There was evidence Hornsby had repeatedly requested Leiteh to provide the installation crew with lifting belts and dollies and was turned down. While this testimony was contradicted by the defendant, the jury was entitled to believe it. It is the jury’s job to resolve conflicting testimony. They did so. They concluded that the employer was negligent for failing to furnish the equipment. There is some evidence to support that finding. Points one through four are overruled.

Safe Alternative

In points five and six, appellants argue that they could not be found negligent because Hornsby had a safe alternate method of lifting the cable reel — he could have asked another employee to help him lift it from his track. The accident occurred in the motel parking lot where the cable crew stayed while working on the cable installation job. Another employee, Whidden, was inside the motel room with the door open. It is the appellants’ position that Hornsby should have gotten Whidden to help him unload the cable reels. Whidden, however, was not a cable installer. He was sales manager for the job. He was in his motel room doing his paper work when he heard Hornsby’s cry of pain. An employer has a non-delegable duty to provide rules and regulations for the safety of its employees and to warn them, under certain conditions, of the hazards of their employment. Ghazali v. Southland Corp., 669 S.W.2d 770, 774 (Tex.App.-San Antonio 1984, no writ). Whidden testified that neither Leiteh nor Crews ever held safety meetings with their employees regarding proper lifting techniques. There is no evidence that Whidden was instructed, as a part of his duties, to assist cable installers in lifting heavy objects. Or that either Hornsby or the employer envisioned Whidden as an employee with unloading duties. The employer has a non-delegable duty to provide a safe place to work and adequate help in a work assignment. See Heritage Manor, Inc. v. Tidball, 724 S.W.2d 952, 955 (Tex.App.-San Antonio 1987, no writ). Neither happened in this case.

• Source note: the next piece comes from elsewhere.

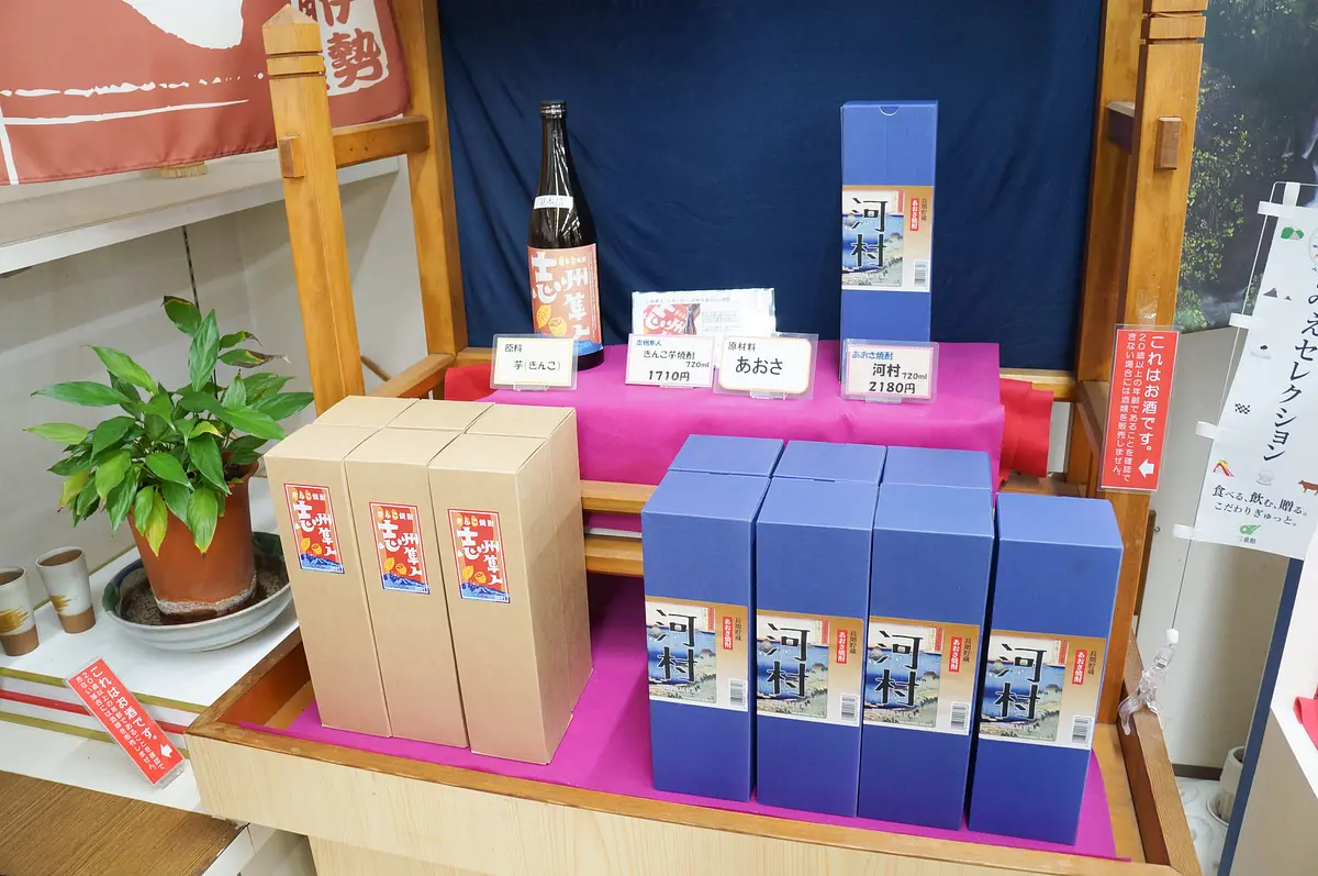 「志州隼人 きんこ芋焼酎」(720ml 1,710円)は志摩地方で作られている地元産のさつまいもを使った干し芋「きんこ芋」から作られた焼酎で、2013年の伊勢神宮式年遷宮奉納品にも選ばれています。

The safe alternative argument fails for another reason. The jury found that Hornsby was an employee of Pro Com Marketing Services, Inc. As Pro Com was a non-subscriber to the worker’s compensation insurance, Pro Com does not have the common law defenses of contributory negligence or assumption of the risk. Points five and six are overruled.

Proximate Cause

Plaintiff must plead and prove that the defendant’s negligence is the proximate cause of his injury. Proximate cause must meet a two-pronged test: (1) cause in fact; and (2) foreseeability. See Farley v. M M Cattle Company, 529 S.W.2d 751, 755 (Tex.1975). In points seven through ten, appellants argue there was no evidence or alternatively insufficient evidence that Hornsby’s lifting injury was foreseeable or that appellants’ negligence, if any, was the cause in fact of Hornsby’s injury, thereby precluding a finding of negligence.

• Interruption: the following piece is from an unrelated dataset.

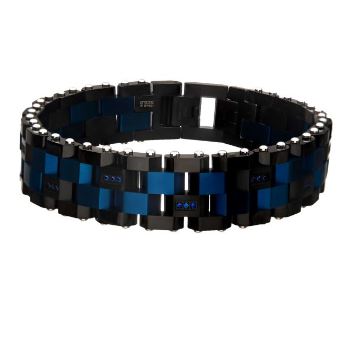 Men's Blue & Black with Blue Diamonds Link Bracelet from INOX

The foreseeability of back injuries in connection with the regular lifting of heavy objects must be judged by a reasonable person standard. See Exxon Corp. v. Roberts, 724 S.W.2d 868, 867 (Tex.App.-Texarkana 1986, writ ref'd n.r.e.). Testimony from the treating physician, based upon a medical history taken from Hornsby near the time of the injury, indicates Hornsby’s medical symptoms were related to a lifting injury. Hornsby testified that he was in the act of lifting the cable reel when the injury occurred. There was also considerable testimony that Hornsby and Whidden had requested of Leitch and Crews that lifting belts be provided in order to ease the strain of lifting heavy equipment. Whidden testified that use of lifting belts would have eliminated this injury. There was partially conflicting testimony to the degree that Dr. Geibel testified that safety belts do not necessarily prevent lifting injuries. To the degree there was a conflict, the jury resolved it. The jury was entitled to conclude that this injury was foreseeable and caused by the negligent acts or omissions of appellants under the circumstances presented at trial. Points seven through ten are overruled.

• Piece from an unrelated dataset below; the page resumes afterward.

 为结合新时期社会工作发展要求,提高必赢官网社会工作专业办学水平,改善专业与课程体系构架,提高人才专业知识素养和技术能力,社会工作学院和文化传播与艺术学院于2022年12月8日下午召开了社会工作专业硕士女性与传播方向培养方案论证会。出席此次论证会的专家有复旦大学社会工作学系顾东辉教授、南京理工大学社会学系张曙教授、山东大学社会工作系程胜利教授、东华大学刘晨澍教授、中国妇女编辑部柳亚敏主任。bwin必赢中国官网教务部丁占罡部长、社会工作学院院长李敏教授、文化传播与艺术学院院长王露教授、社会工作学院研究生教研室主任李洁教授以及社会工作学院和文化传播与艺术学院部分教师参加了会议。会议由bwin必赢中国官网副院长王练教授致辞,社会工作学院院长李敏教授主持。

Corporate Officer Liability

In points eleven and twelve the individual appellants argue that their negligence, if any, amounted to mere nonfeasance for which corporate officers could not be held personally hable. Crews and Leitch were sued in their individual capacities, not in their official capacities. Plaintiff alleged in his fifth amended original petition:

The injuries of September 17, 1990 were proximately caused by the negligent conduct of these Defendants, Russell Leitch, Hal Crews, Prom [sic] Com Marketing Services, Inc., ... in one or more of the following respects, to-wit:
(1) Failing to provide Plaintiff with a safe work place, equipment, rules and co-employees;
(2) Failing to inspect, oversee and otherwise exercise some control over the facilities and operation being worked on;
(3) Failing to provide an inspector-overseer who would inspect, oversee and otherwise exercise some control over the facilities and operation being worked on;
(4) Failing to provide Plaintiff with the proper equipment to lift heavy objects and other gear related with the business;
(5) Failing to provide Plaintiff with a protective lifting belt for employees lifting heavy objects to protect a persons [sic] back from such excessive restraints;
(6) Failing to warn the Plaintiff of the dangerous conditions and/or activities involved in performing his work;
(7) Failing to provide the Plaintiff with competent and well trained co-employees to perform his work;
(8) Failing to provide the Plaintiff with safety instructions, guidelines, and procedures to properly and safely perform his work; and
(9) Failing to provide any safety training pertaining to any facet of the job.

Each of the above and foregoing was a ' proximate cause of the injuries suffered by the Plaintiff.

In Question No. 2, the jury was asked: “Did the negligence, if any, of the persons named below proximately cause the injuries in question?” The jury answered “Yes” as to Russell Leitch, Hal Crews, and Pro Com Marketing Services, Inc. and “No” as to Cable Television Employment Services, Inc. and Grady Hornsby.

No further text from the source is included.